[Data items]
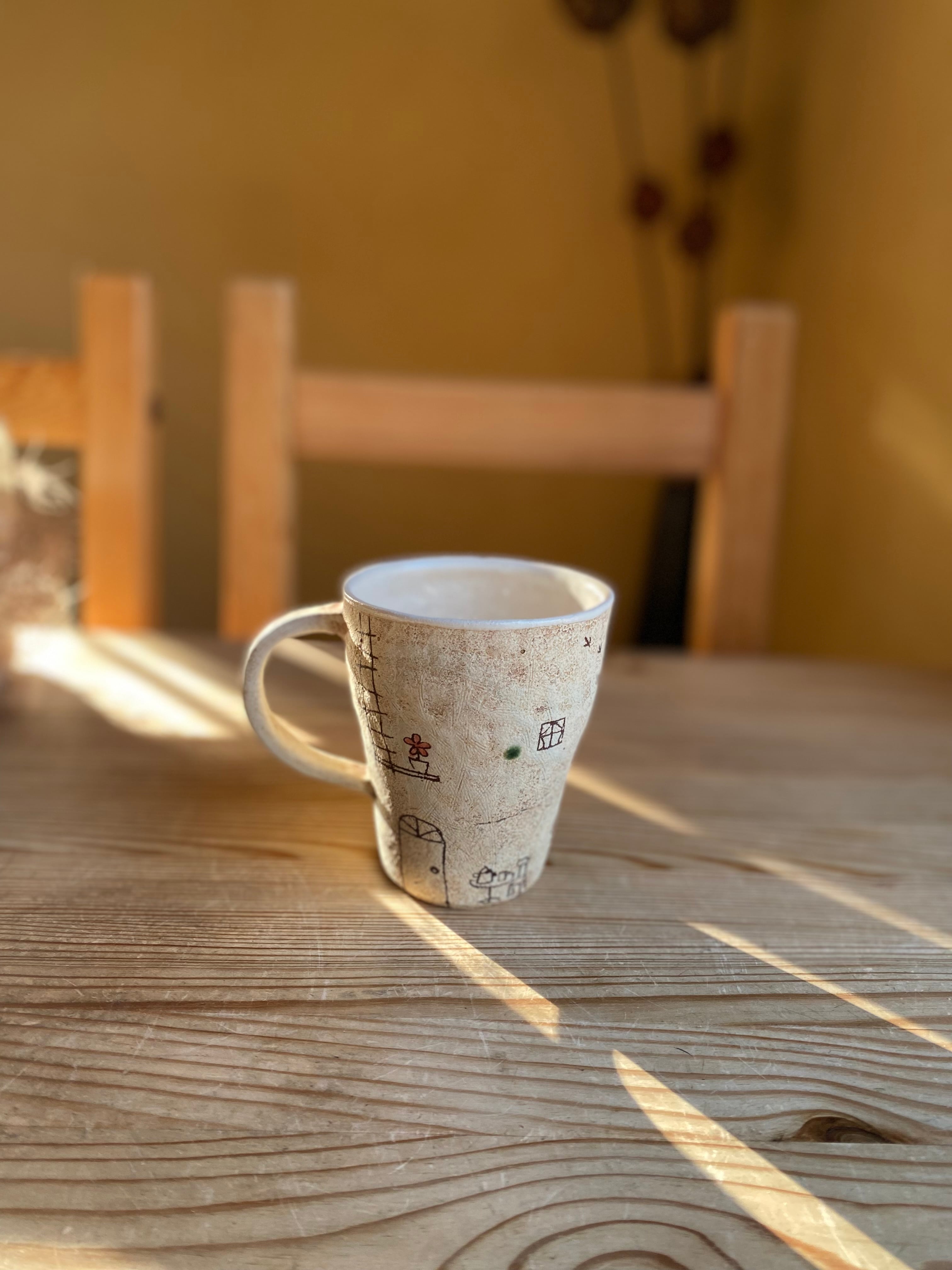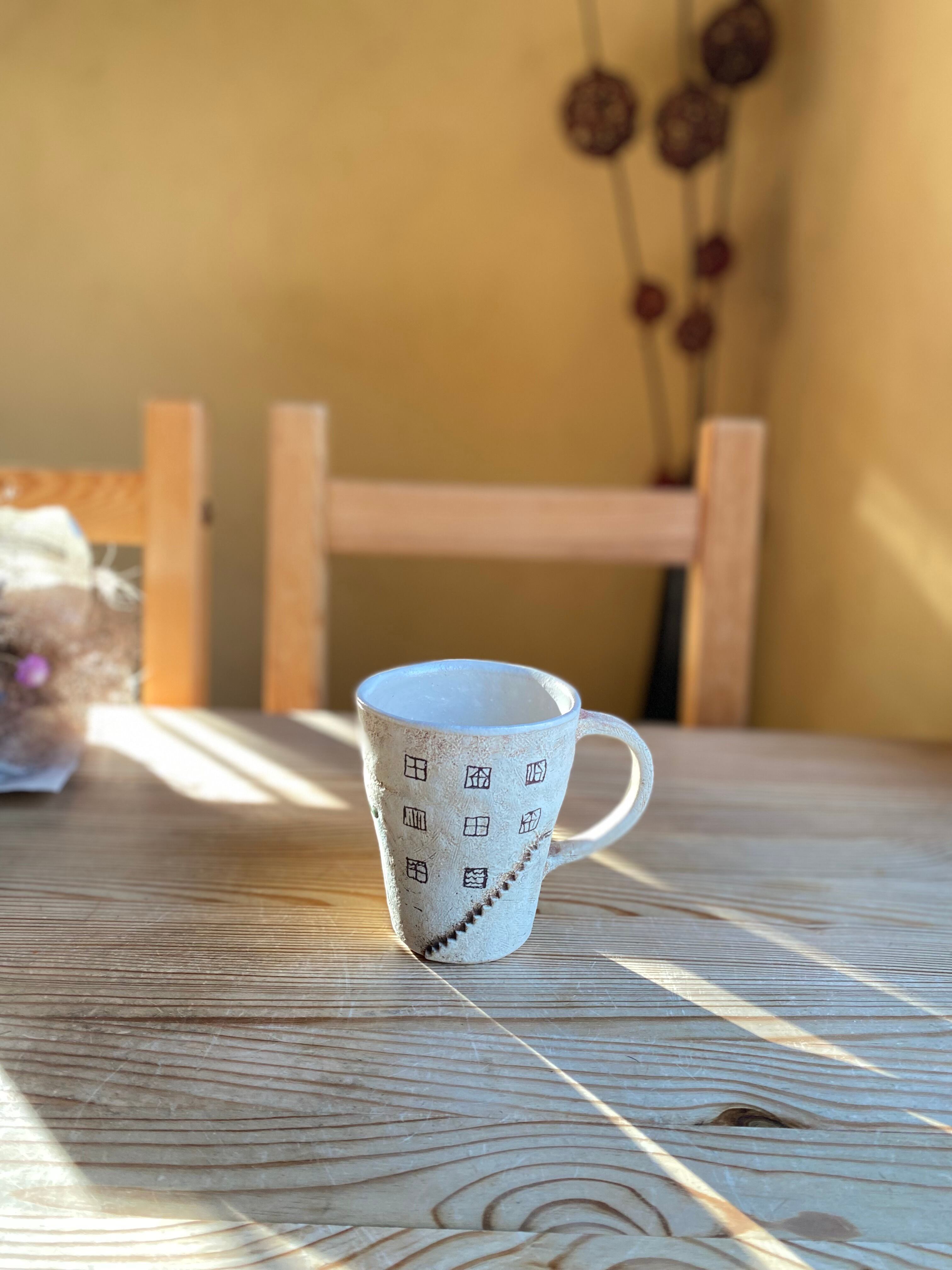 古い壁のお家をイメージして作られたカップは、漆喰の壁のような質感で風合いも良く、
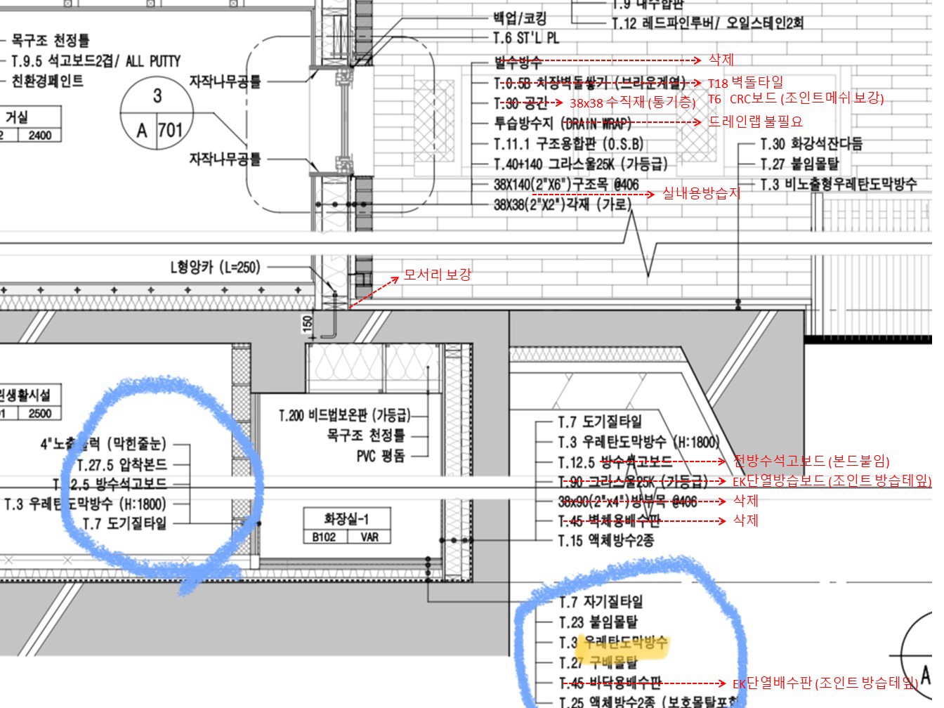 3) 위 도면 파란색 부분에 열교가 우려됩니다. 어떻게 차단할 수 있을까요?
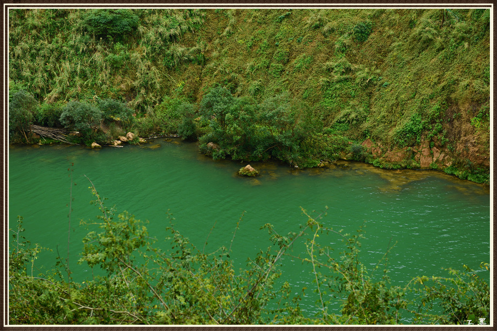 溪流下的水潭绿油油如宝石。
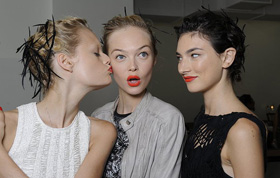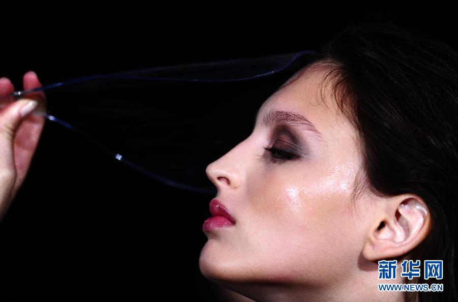9月18日,在西班牙馬德里時裝周上,造型師為一名模特補妝。 2012馬德里春夏時裝周于9月16日至20日舉行。 新華社記者陳海通攝
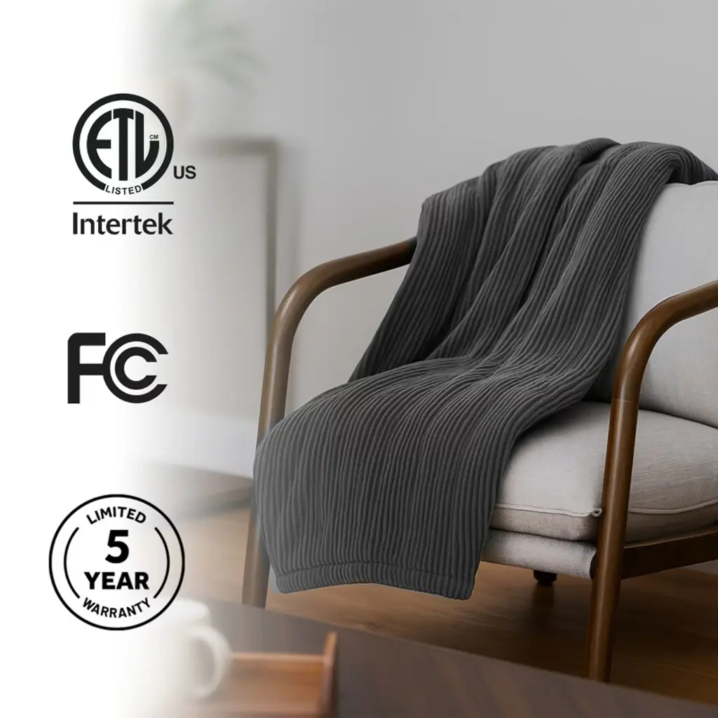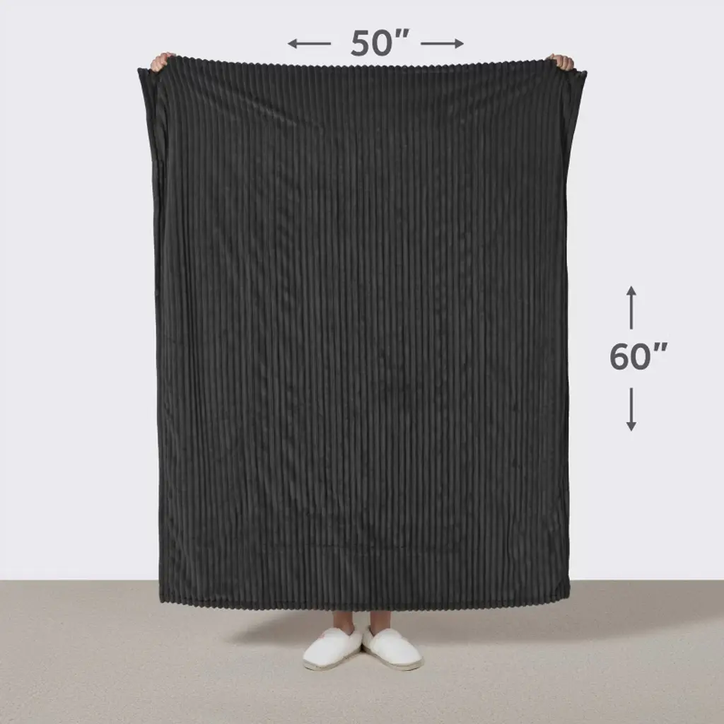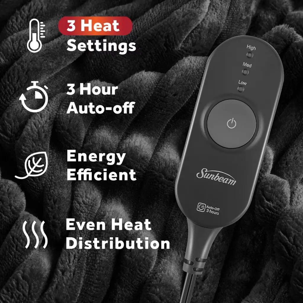 Sunbeam Heated Throw Blanket delivers cozy comfort and adjustable warmth with its ultra-soft textured velvet fabric. The Slate color offers a clean, modern look that complements any room. Sized at 50" x 60", it’s ideal for lounging on the couch, reading in bed, or staying warm at your desk.The easy-to-use push-button controller offers 3 heat settings so you can customize your comfort. Fast-heating technology delivers soothing warmth quickly, while advanced heating wires sense and adjust to maintain consistent, even heat. Built-in safety features include a 3-hour auto shut-off and overheat protection for added peace of mind.When it's time to clean, just detach the controller and place the blanket in the washing machine—it stays soft wash after wash.Sunbeam—bringing trusted warmth and comfort to homes for over 125 years.

WHAT NEEDS TO BE DONE: Print every entry verbatim and leave all pictures out.

EXERCISE SOLUTION:
 古い壁のお家をイメージして作られたカップは、漆喰の壁のような質感で風合いも良く、
 3) 위 도면 파란색 부분에 열교가 우려됩니다. 어떻게 차단할 수 있을까요?
 溪流下的水潭绿油油如宝石。
9月18日,在西班牙馬德里時裝周上,造型師為一名模特補妝。 2012馬德里春夏時裝周于9月16日至20日舉行。 新華社記者陳海通攝
 Sunbeam Heated Throw Blanket delivers cozy comfort and adjustable warmth with its ultra-soft textured velvet fabric. The Slate color offers a clean, modern look that complements any room. Sized at 50" x 60", it’s ideal for lounging on the couch, reading in bed, or staying warm at your desk.The easy-to-use push-button controller offers 3 heat settings so you can customize your comfort. Fast-heating technology delivers soothing warmth quickly, while advanced heating wires sense and adjust to maintain consistent, even heat. Built-in safety features include a 3-hour auto shut-off and overheat protection for added peace of mind.When it's time to clean, just detach the controller and place the blanket in the washing machine—it stays soft wash after wash.Sunbeam—bringing trusted warmth and comfort to homes for over 125 years.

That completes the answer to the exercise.